When the going gets weird, the weird turn pro. - Hunter S. Thompson

17 November 2005

Odds and ends from a Dallas high-rise

A few little odds and ends, posted from my Dallas hotel room, up on the 26th floor. (The nice people at the Adam's Mark Dallas have given me a hotel room that's larger than our apartment back in NYC, and I'm rattling around in this huge space like the last jellybean in the jar. Thank God for in-room coffeemakers... the hotel restaurant doesn't open for another hour, and neither does the Starbucks in the lobby.)
  • My goodness, Sony certainly stepped on their collective corporate johnson-sans with the current Digital Rights Management (DRM) fiasco... Sony's copy-protection scheme, discovered and "outed" by blogger Mark Russinovich in late October, installs "rootkit" software on PCs, which creates all kinds of nasty vulnerabilities.

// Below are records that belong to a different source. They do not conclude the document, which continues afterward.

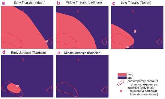 The established chronology of exposure of Carboniferous granitoids on Triassic–Jurassic seashores of the study area (Figure 6) facilitates the understanding of the local palaeogeography (Figure 7a–e). First, it appears that the three massifs formed a “core” of an ancient landmass (a possible island), which existed at the Permian–Triassic transition and diminished in size in the Early Triassic when the Rufabgo and Sakhray massifs were drowned. Indeed, this island was larger in size in the Late Triassic than in the Early Jurassic because Norian weathering-related breccias from Locality 3 were located far northward than Toarcian marine conglomerates from Locality 1 (Figure 1b). Second, the sea transgressed more actively from the east than from the north because Locality 3 remained land until the mid-Norian. Third, although all three massifs can be parts of a single igneous body emplaced in the late Carboniferous, they had already separated in the palaeogeographical sense in the Triassic. For instance, the distance between the Dakh Crystalline Massif and Locality 5 is very short (<10 km), but a denudation of granitoids of this massif in the Late Triassic did not result in massive accumulation of the related clasts at Locality 5.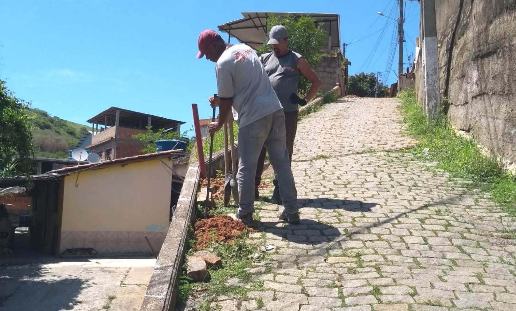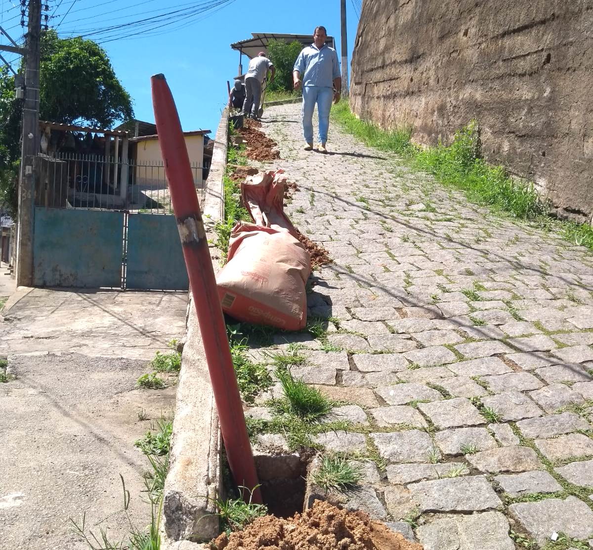 Funcionários da Secretaria de Obras ainda durante a escavação para fixar as barras de sustentação dos corrimãos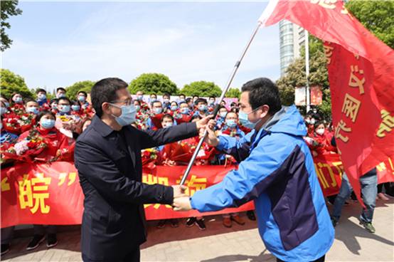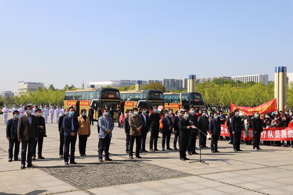 潘朝晖代表市委、市政府和全市人民热烈欢迎队员们平安凯旋,并嘱咐大家回来后调整休息,以更加饱满的精神状态和健康的体魄重回工作岗位。医疗队员们精神奕奕,纷纷表示将继续为守卫全市人民健康而坚守职责。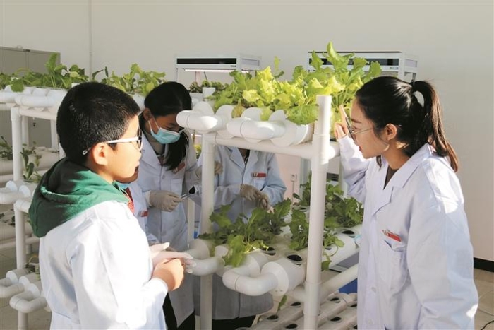 在十二师西山农场学校无土栽培实验室,教师为学生们讲解无土栽培知识(资料图片)。 兵团日报全媒体记者 韩兆辉 摄

    Law of unintended consequences department: It appears that, for the time being, at least, until this godawful mess is unwound, the only safe way to use Sony's music is to steal it.

    Strange bedfellows department: This is one of the few situations where techies appear to be pulling *for* a class action lawsuit against a technology company from California's overpopulation of commercial tort attorneys.

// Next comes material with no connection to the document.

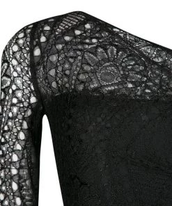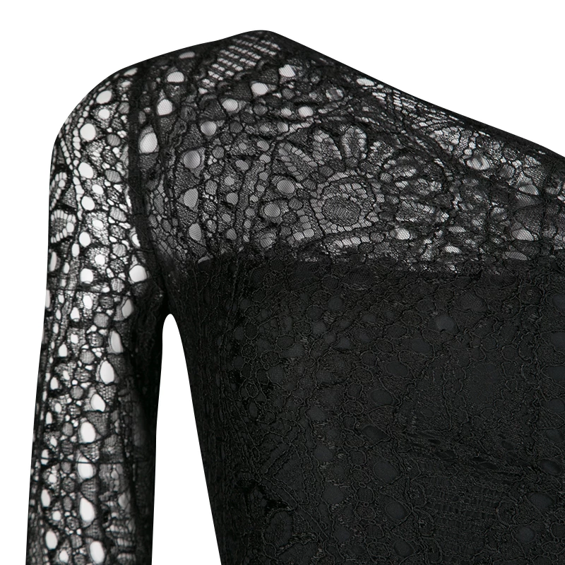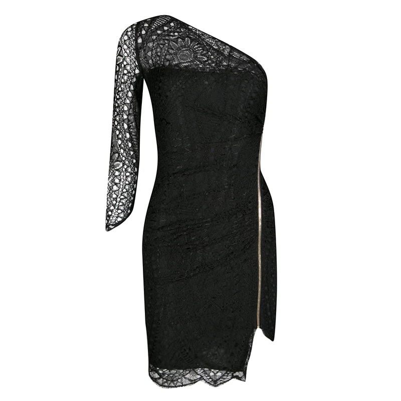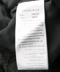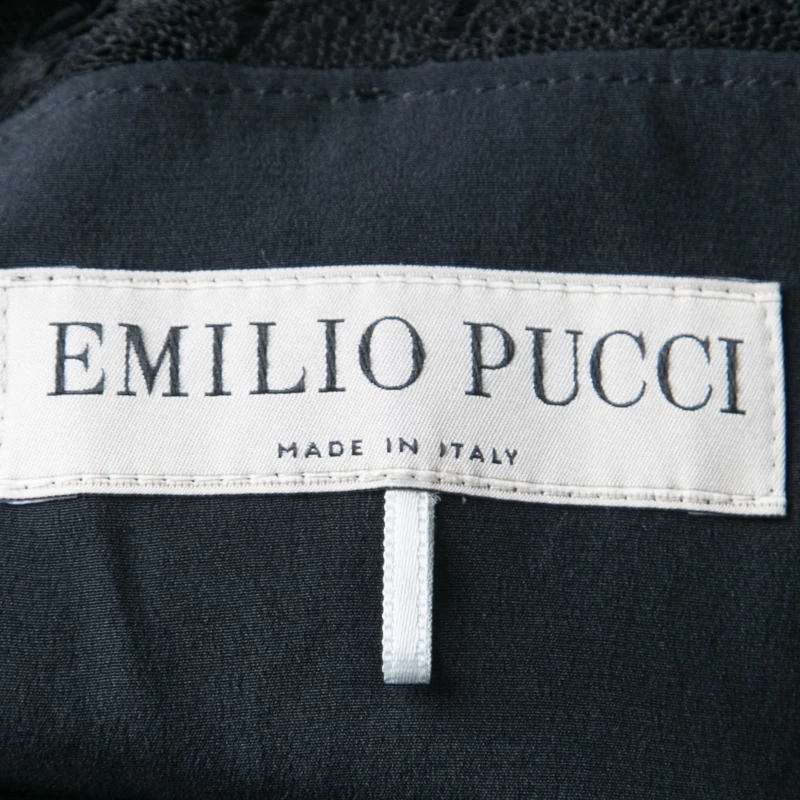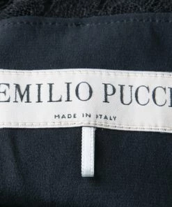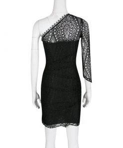 Everything about this Emilio Pucci dress is glamorous and ultra-modern. Crafted from nylon in a straight structure, this one-shoulder LBD features a long sheer sleeve flaunting the intricate lacework. Slightly ruched with a zipper detail on the side, the dress will look best with complementing accessories and shoes.

    Mark's site, linked above, is the best place to go for detailed information, but other geek sites are covering this like white on rice (see, e.g., Slashdot.) Boing Boing has probably the best running summary for non-propellorhead users: Sony Rootkit Roundup.

    Or there's always the MSM: New York Times, Washington Post, Wall Street Journal, BusinessWeek.

  • I see that the New York Times automotive section just covered the new Chevrolet HHR, Chevy's answer to the PT Cruiser ("2006 Chevrolet HHR: Let's Do the Time Warp Again.")

    I drove one of these odd little beasts for two weeks during my recent sojourn in Raleigh (it was all the rental car company had to offer me) and I have to say, it grew on me: there was plenty of interior room in that small vehicle for this large driver, and the retro styling didn't get in the way of a very nicely designed console with good ergonomics. Plus, I thought it had *plenty* of pickup and zip, and handled nimbly, not nervously... I guess the bottom line is, I liked it a little better than the Times' reviewer did.

    (Related site: Chevrolet's HHR page.)

    Stray thought - people who travel on business a lot and rent a lot of different car models would make interesting amateur car reviewers, potentially. Group blog, anyone?

  • Carrie is taking up the Catblogger's Burden this week; look for pix of Mister Gato at her site later on Thursday or early Friday. (I know y'all get cranky when there aren't plenty of Gato pix around.)